### Description of the task
Write out exactly the lines below that run from the one containing "2019年3月7日晚,bea" through the one containing "房山西南召村幸福晚年驿站详细介绍:2025最新价格、预约电话一站式服务", both included, with no other lines.

### Dataset content
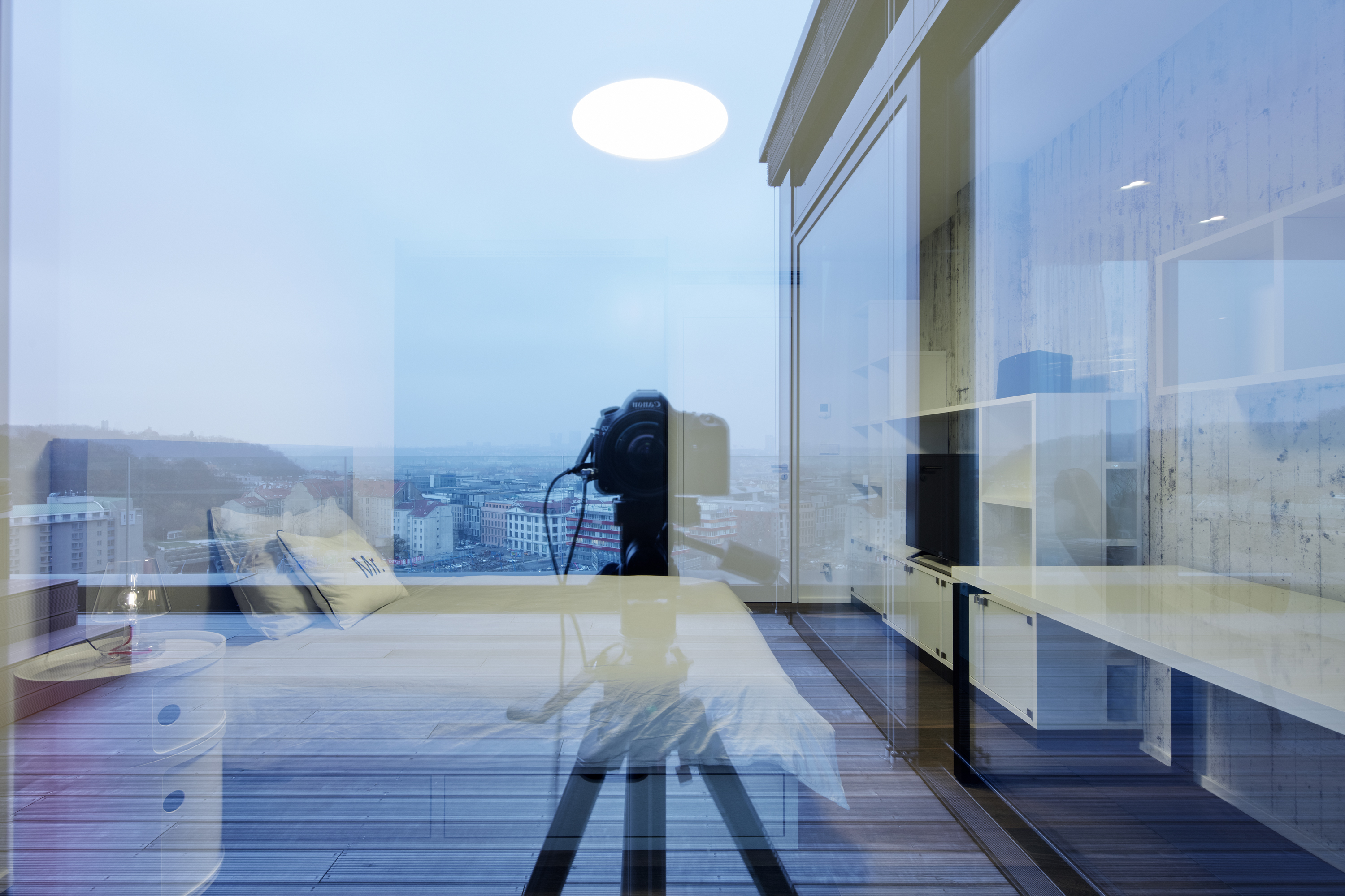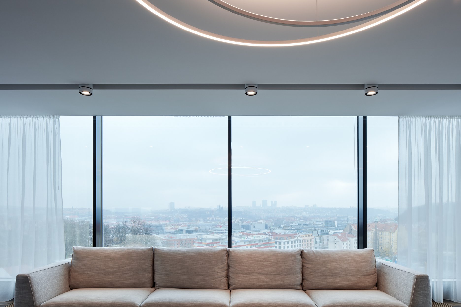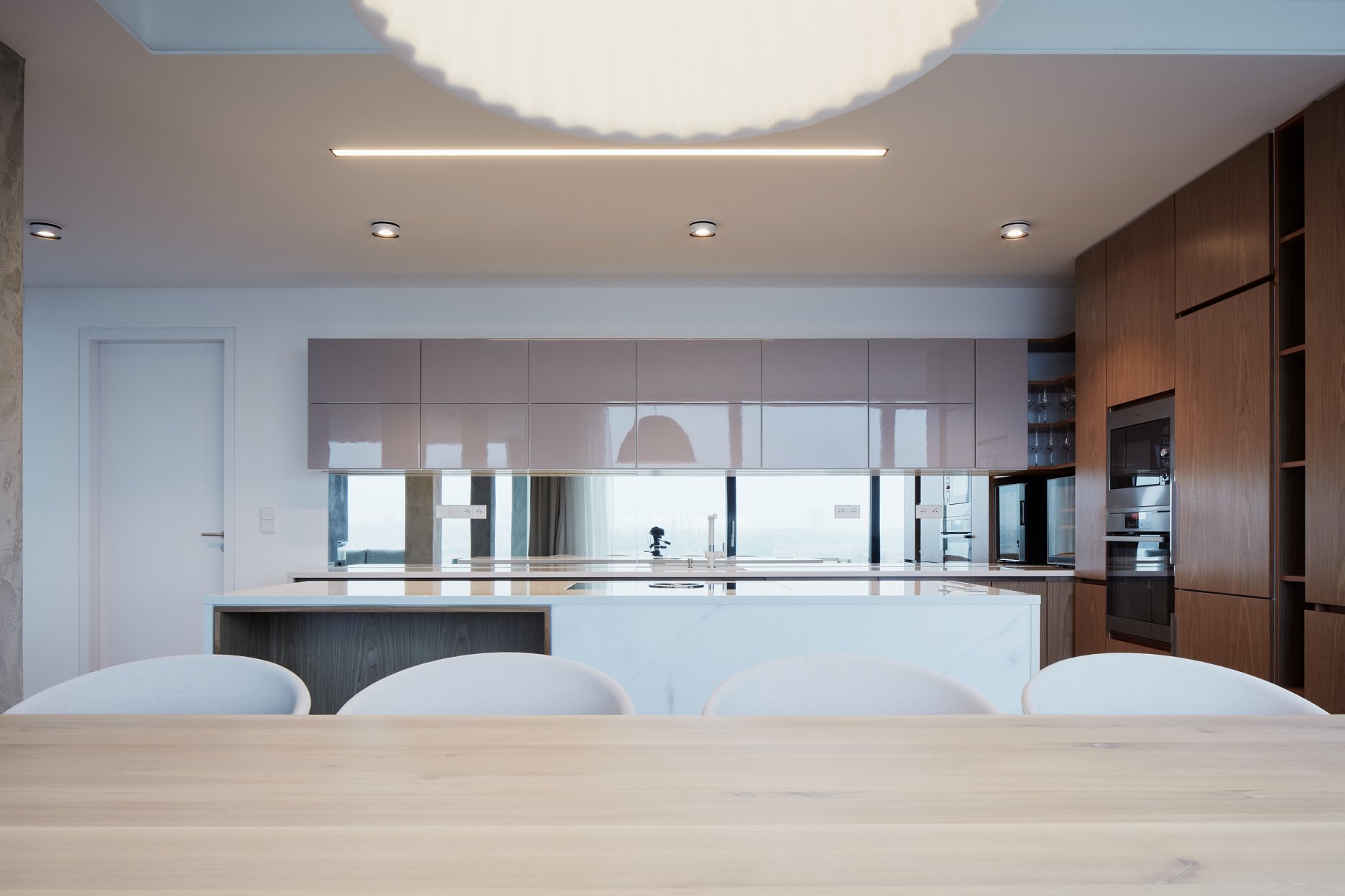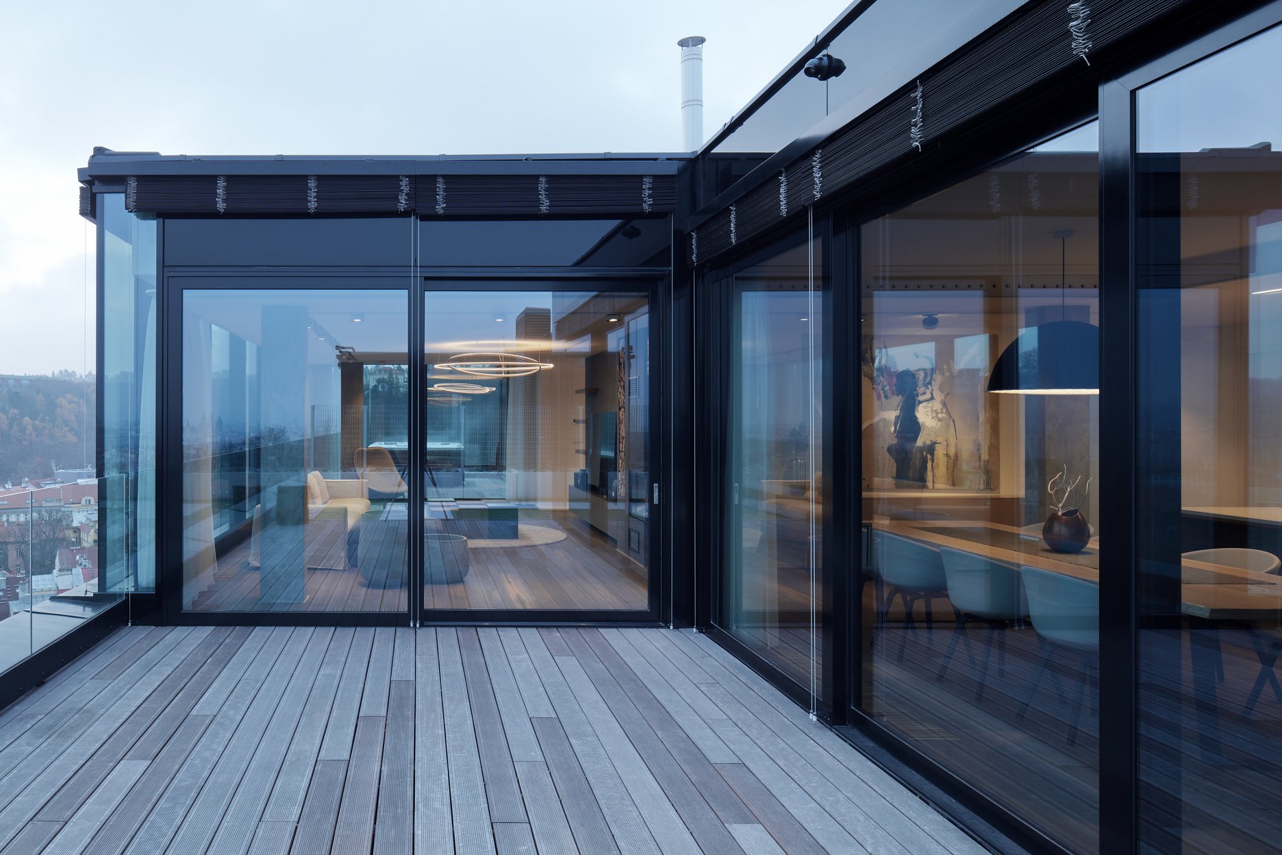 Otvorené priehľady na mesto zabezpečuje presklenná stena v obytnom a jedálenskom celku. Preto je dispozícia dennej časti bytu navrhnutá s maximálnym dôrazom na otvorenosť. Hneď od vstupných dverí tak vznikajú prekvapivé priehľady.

==

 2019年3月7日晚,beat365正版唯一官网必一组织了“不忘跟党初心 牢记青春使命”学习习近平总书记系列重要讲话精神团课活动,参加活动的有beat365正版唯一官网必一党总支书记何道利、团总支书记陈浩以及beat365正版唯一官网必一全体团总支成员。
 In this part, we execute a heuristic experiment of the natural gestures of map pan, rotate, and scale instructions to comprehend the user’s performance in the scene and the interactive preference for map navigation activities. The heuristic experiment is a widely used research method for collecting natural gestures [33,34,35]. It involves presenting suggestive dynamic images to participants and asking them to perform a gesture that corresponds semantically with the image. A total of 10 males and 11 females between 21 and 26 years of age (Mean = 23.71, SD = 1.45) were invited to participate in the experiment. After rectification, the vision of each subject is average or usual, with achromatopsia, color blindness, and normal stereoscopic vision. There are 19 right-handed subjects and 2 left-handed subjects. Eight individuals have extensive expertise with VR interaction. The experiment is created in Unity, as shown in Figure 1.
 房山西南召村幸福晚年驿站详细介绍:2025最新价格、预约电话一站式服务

---

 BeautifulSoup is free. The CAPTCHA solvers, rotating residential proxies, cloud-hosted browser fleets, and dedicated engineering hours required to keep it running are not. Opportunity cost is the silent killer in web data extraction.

### Response
 2019年3月7日晚,beat365正版唯一官网必一组织了“不忘跟党初心 牢记青春使命”学习习近平总书记系列重要讲话精神团课活动,参加活动的有beat365正版唯一官网必一党总支书记何道利、团总支书记陈浩以及beat365正版唯一官网必一全体团总支成员。
 In this part, we execute a heuristic experiment of the natural gestures of map pan, rotate, and scale instructions to comprehend the user’s performance in the scene and the interactive preference for map navigation activities. The heuristic experiment is a widely used research method for collecting natural gestures [33,34,35]. It involves presenting suggestive dynamic images to participants and asking them to perform a gesture that corresponds semantically with the image. A total of 10 males and 11 females between 21 and 26 years of age (Mean = 23.71, SD = 1.45) were invited to participate in the experiment. After rectification, the vision of each subject is average or usual, with achromatopsia, color blindness, and normal stereoscopic vision. There are 19 right-handed subjects and 2 left-handed subjects. Eight individuals have extensive expertise with VR interaction. The experiment is created in Unity, as shown in Figure 1.
 房山西南召村幸福晚年驿站详细介绍:2025最新价格、预约电话一站式服务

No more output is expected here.